2.4 Downscaling strategy

LST, Normalized Difference Vegetation Index (NDVI), land cover (LC), Blue Sky Albedo (BSA), Digital Elevation Model (DEM), aspect and slope were used as ancillary variables to downscale the CCI SSM product over thirty-six months (during May to October, 2010-2015). Considering the relatively low coverage of daily remotely-sensed observations, the 8-day composites of all variables were employed by using average aggregation to maintain stability and representativeness of each variable. A spatial-temporal prediction method (Gerber et al., 2018) was adopted to replace the missing values for LST and BSA due to cloud cover. Prior to performing the downscaling algorithm, a bias correction step (Djamai et al., 2016) was used for remotely-sensed SSM data to reduce the influence of the original SSM product. The downscaling procedure is shown in Figure 1, including the downscaling and validation processes.

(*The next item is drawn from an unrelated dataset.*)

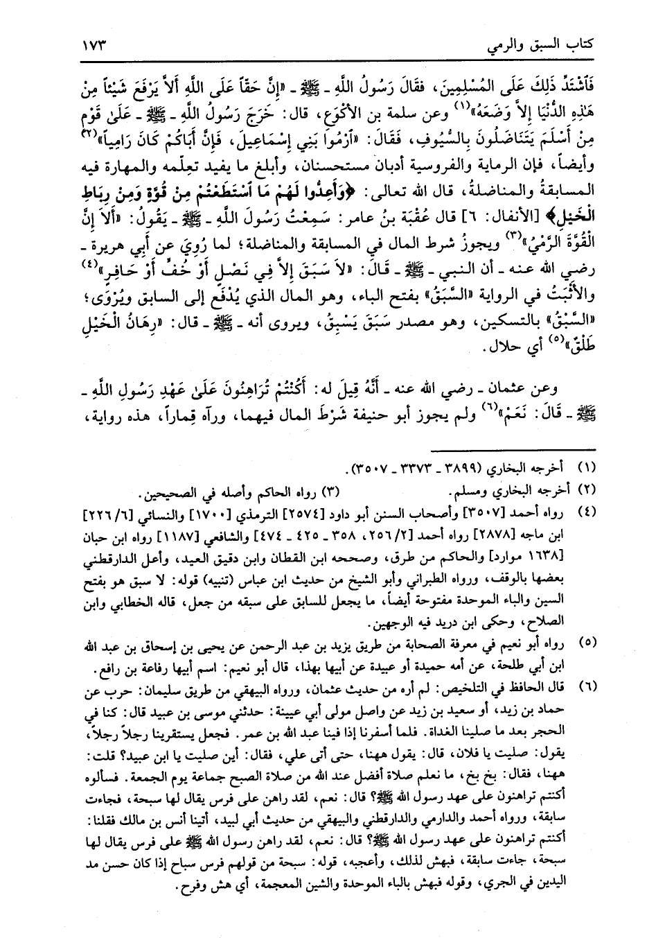 (¬6) قال الحافظ في التلخيص: لم أره من حديث عثمان، ورواه البيهقي من طريق سليمان: حرب عن حماد بن زيد، أو سعيد بن زيد عن واصل مولى أبي عيينة: حدثني موسى بن عبيد قال: كنا في الحجر بعدما صلينا الغداة. فلما أسفرنا إذا فينا عبد الله بن عمر. فجعل يستقرينا رجلاً رجلاً، يقول: صليت يا فلان، قال: يقول هاهنا، حتى أتى علي، فقال: أين صليت يا ابن عبيد؟ قلت: هاهنا، فقال: بخ بخ، ما نعلم صلاة أفضل عند الله من صلاة الصبح جماعة يوم الجمعة. فسألوه أكنتم تراهنون على عهد رسول الله -صلى الله عليه وسلم-؟ قال: نعم، لقد راهن على فرس يقال لها سبحة، فجاءت سابقة، ورواه أحمد والدارمي والدارقطني والبيهقي من حديث أبي لبيد، أتينا أنس بن مالك فقلنا: أكنتم تراهنون على عهد رسول الله -صلى الله عليه وسلم-؟ قال: نعم، لقد راهن رسول الله -صلى الله عليه وسلم- على فرس يقال لها سبحة، جاءت سابقة، فبهش لذلك، وأعجبه، قوله: سبحة من قولهم فرس سباح إذا كان حسن مد اليدين في الجري، وقوله فبهش بالباء الموحدة والشين المعجمة، أي هش وفرح.

After all data processing steps, including resampling aggregation, gap filling and bias correction, the 25-km and 1-km variables with full spatial coverage for each 8-day period was achieved, as well as the 8-day in-situ measurements within 1 km × 1 km grids. Three downscaling methods were implemented, involving the proposed SVATARK method and two benchmark methods. The two benchmark methods interpolate coarse regression residuals by applying kriging and bilinear interpolation, denoted by SVRK and SVRB respectively. In the trend prediction process, the SVR models were established for each land cover type. In the experiments, SSM values for water bodies and permanent snow and ice were not included. The downscaled SSM were validated by ground-measured SSM with four classical statistical metrics, including correlation coefficient (R ), mean absolute error (MAE ) (m3·m-3), root mean square error (RMSE ) (m3·m-3) and slope (SLOP ).